秦小小听到父亲的叫声,把头从被窝里拱出来,问:“干啥?”

“小小,今天的事有蹊跷!”秦三道说。

“什么七窍八窍?不就是你搞迷信误的事?”秦小小没好气地说。

“你以为我想那样啊?装神弄鬼的,多烦!不过,人家就信这个,咋了?怪我?老子还怪你呢!”秦三道骂着。

“我?”秦小小爬起来,坐在床上,指着鼻子尖问:“怎么怪我?”

“我叫你看好了徐山,别让人动他身上的银针,你跑到堂屋里来干嘛?”秦三道问,唬着脸,有些生气。

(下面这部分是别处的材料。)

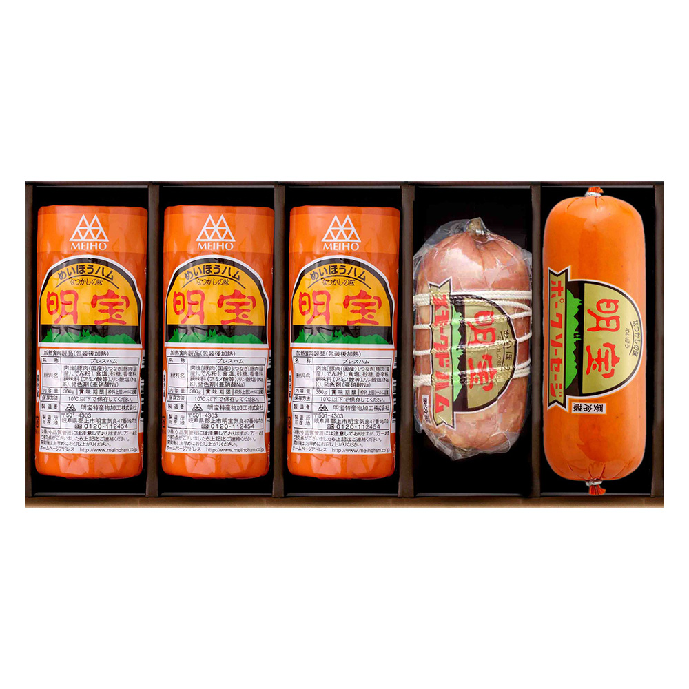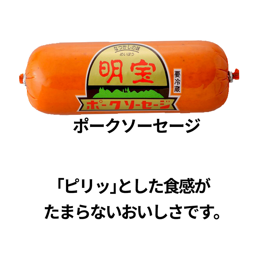 「ピリッ」とした食感がたまらないおいしさの「ポークソーセージ」の5本セットです。内容量 明宝ハム:360g×3本、スモークドハム:280g×1本、ポークソーセージ:300g×1本 原材料名 明宝ハム:豚肉(国産)、てんぷん、食塩、砂糖、香辛料、調味料(アミノ酸等)、リン酸塩(Na、K)、発色剤(亜硫酸Na)

“我一直盯着,虽然我到堂屋里去了,但我的眼睛就一直没离开过徐叔的身子,徐树枝和她娘就没动他!”小小说。

“那牛然呢?”秦三道更加迷惑地问。

“他,见你去了堂屋就出去了,怎么?你惑疑……”

“别说了,你睡吧!”秦三道一挥手,转身就走。

“要怪就怪你自己,装神弄鬼骗人!”秦小小嘀咕着。

“什么?我告诉你,这事不怪你爹!”秦三道回过头来说,“你爹我行医几十年,从没有失过手!”他说着又走。

“你是在为自己找籍口!”秦小小道。

“什么?你狗日的说啥?”秦三道怒骂,愣了一会,转身甩门而去。

徐山的葬礼办得很隆重,吹吹打打,号角声声。秦三道的老婆和秦小小都去帮忙了,但秦三道没有去。他不去,是因为他心里有些内疚,内疚个啥呢,他自己也弄不明白,或许是因为他对徐山的死因没弄明白,或许是如儿子秦小小所说,是因为自己搞迷信活动,也或许是因为他对珍子的怜惜……总之,他背着过手,在村子里东转西转,就是没有去珍子家。

徐山家的葬礼举行了三天,这三天,哭声断肠,号角呜咽,秦三道总是想起徐山背扎满银针的死样,茶饭不香,人也瘦了一圈。

三天过后,呜咽声嘎然而止,秦三道反而有些惶然。这就算了?这人,这么快就没了?活生生和一个人哪,现在却要交给微生物们去慢慢啃蚀……天啦,这人生真是太无聊了!

秦三道慨叹良久,从他家的真皮沙发上弹起来,拿起一面小镜子照了起来,这张脸吓了他一跳:原先的小圆脸,如今拉得好长。光滑白皙的面容,如今瘦削干枯。粗壮的胡须已变得微黄细长,笑一笑,脸上全是沟壑纵横的皱纹……秦三道一阵惊醒,不觉自言自语道:“巾发雪争出,镜颜朱早凋”。此时翠花迈进门来,本想向父亲说明她想去打工的心愿,但看见父亲刚照完镜子发感叹,而且她还看见父亲一向坚毅的目光,变得那么惶惑、柔软。眼角还充满泪花。她知道父亲是因为徐山的死在深深的自责。她也知道父亲的脾气,这个时候去打扰他,一定没有好果子吃的。她站在那儿好一会儿,对父亲的敬畏之心,陡然增添了不少怜爱之情,她看见父亲一脸茫然的样子,心里一阵酸痛。她悄无声息的退了出去。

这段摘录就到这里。